The Asseburg is a ruined hill castle on the narrow, southern crest of the Asse ridge in the Harz Mountains of Germany, not far from Wolfenbüttel.

== History ==
The castle was built around 1218 by Gunzelin of Wolfenbüttel and his descendants of the House of Asseburg, as a so-called Ganerbenburg, or castle managed and occupied by more than one family or branch. Based on its dimensions, this elongated fortification was the largest hill castle in North Germany and was considered impregnable. Its purpose was to secure the lands around Wolfenbüttel.

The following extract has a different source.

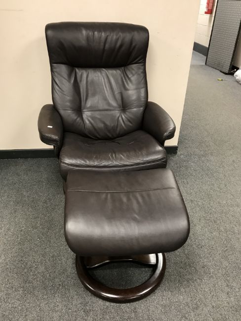 A brown leather relaxer chair with footstool retailed by John Lewis

When Gunzelin refused to swear allegiance to Duke Albert I of Brunswick-Lüneburg, of the House of Welf, in 1255, the latter destroyed Gunzelin's Wolfenbüttel Castle and sieged Gunzelin's son Burchardus de Asseburc (Burchard or Busso of Asseburg) at Asseburg Castle. Burchard was able to withstand during three years, however in 1258 had to relinquish the castle to Duke Albert I. Burchard was then allowed to retreat to Westphalia with his knights, and received a compensation of 400 gold mark for the castle. After Gunzelin's death in 1260, his sons also lost the county of Peine to the bishop of Hildesheim.

Asseburg became one of the strongest fortresses in the duchy. In 1330 the dukes had to pledge the castle to the city of Brunswick, which was interested in securing the trade routes below. When Duke Henry IV asked the castle back in 1492, threatening another siege, the garrison set fire on the castle and left. It fell into ruins after it was abandoned.

== Literature ==
- Hans Adolf Schultz (1980). "Burgen und Schlösser des Braunschweiger Landes"
- "Auf dem Weg zur herzoglichen Residenz Wolfenbüttel im Mittelalter" (2003)
- Friedrich-Wilhelm Krahe (1996). "Burgen des deutschen Mittelalters"
- Ernst Andreas Friedrich: Die Ruine der Asseburg, S.116-117, in: Wenn Steine reden könnten, Vol. III, Landbuch-Verlag, Hanover, 1995, ISBN 3-7842-0515-1.